Tunnel transport and interlayer excitons in bilayer fractional quantum Hall systems

In a bilayer system consisting of a composite-fermion Fermi sea in each layer, the tunnel current is exponentially suppressed at zero bias, followed by a strong peak at a finite bias voltage $V_{\rm max}$. This behavior, which is qualitatively different from that observed for the electron Fermi sea, provides fundamental insight into the strongly correlated non-Fermi liquid nature of the CF Fermi sea and, in particular, offers a window into the short-distance high-energy physics of this state. We identify the exciton responsible for the peak current and provide a quantitative account of the value of $V_{\rm max}$. The excitonic attraction is shown to be quantitatively significant, and its variation accounts for the increase of $V_{\rm max}$ with the application of an in-plane magnetic field.
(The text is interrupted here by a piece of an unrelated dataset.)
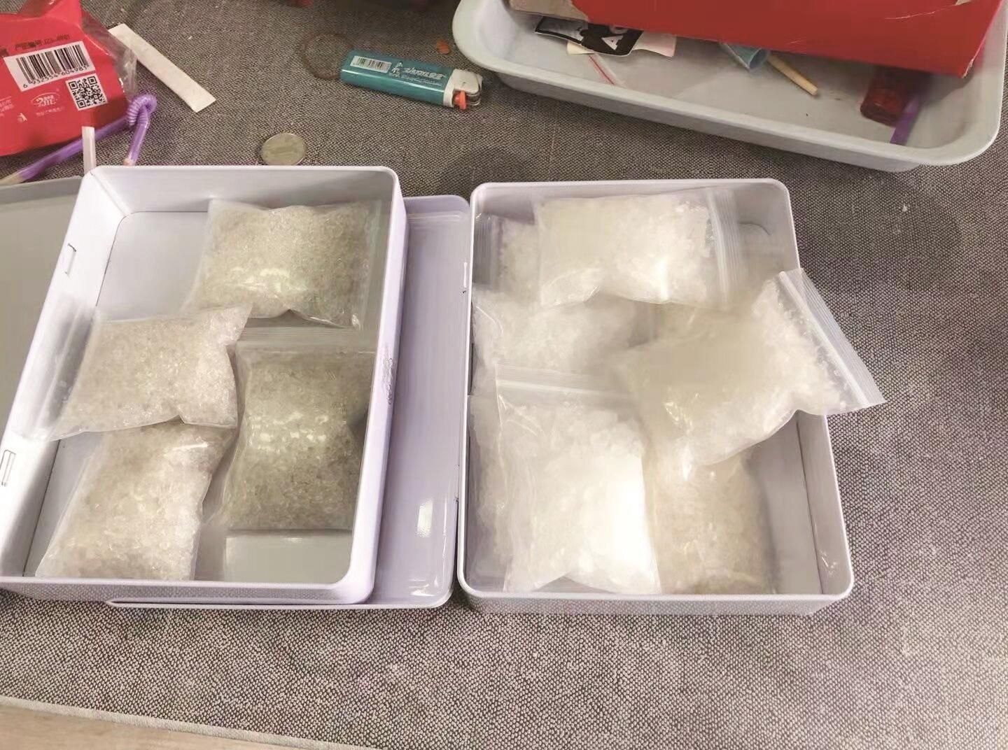 此时,守控在东沙花园小区的民警得知黎黎落网,冲进潭潭的出租屋,抓获潭潭及其2名马仔,又搜出1公斤毒品和若干现金。

We also estimate the critical Zeeman energy where transition occurs from a fully spin polarized composite fermion Fermi sea to a partially spin polarized one, carefully incorporating corrections due to finite width and Landau level mixing, and find it to be in satisfactory agreement with the Zeeman energy where a qualitative change has been observed for the onset bias voltage [Eisenstein et al., Phys. Rev. B 94, 125409 (2016)]. For fractional quantum Hall states, we predict a substantial discontinuous jump in $V_{\rm max}$ when the system undergoes a transition from a fully spin polarized state to a spin singlet or a partially spin polarized state.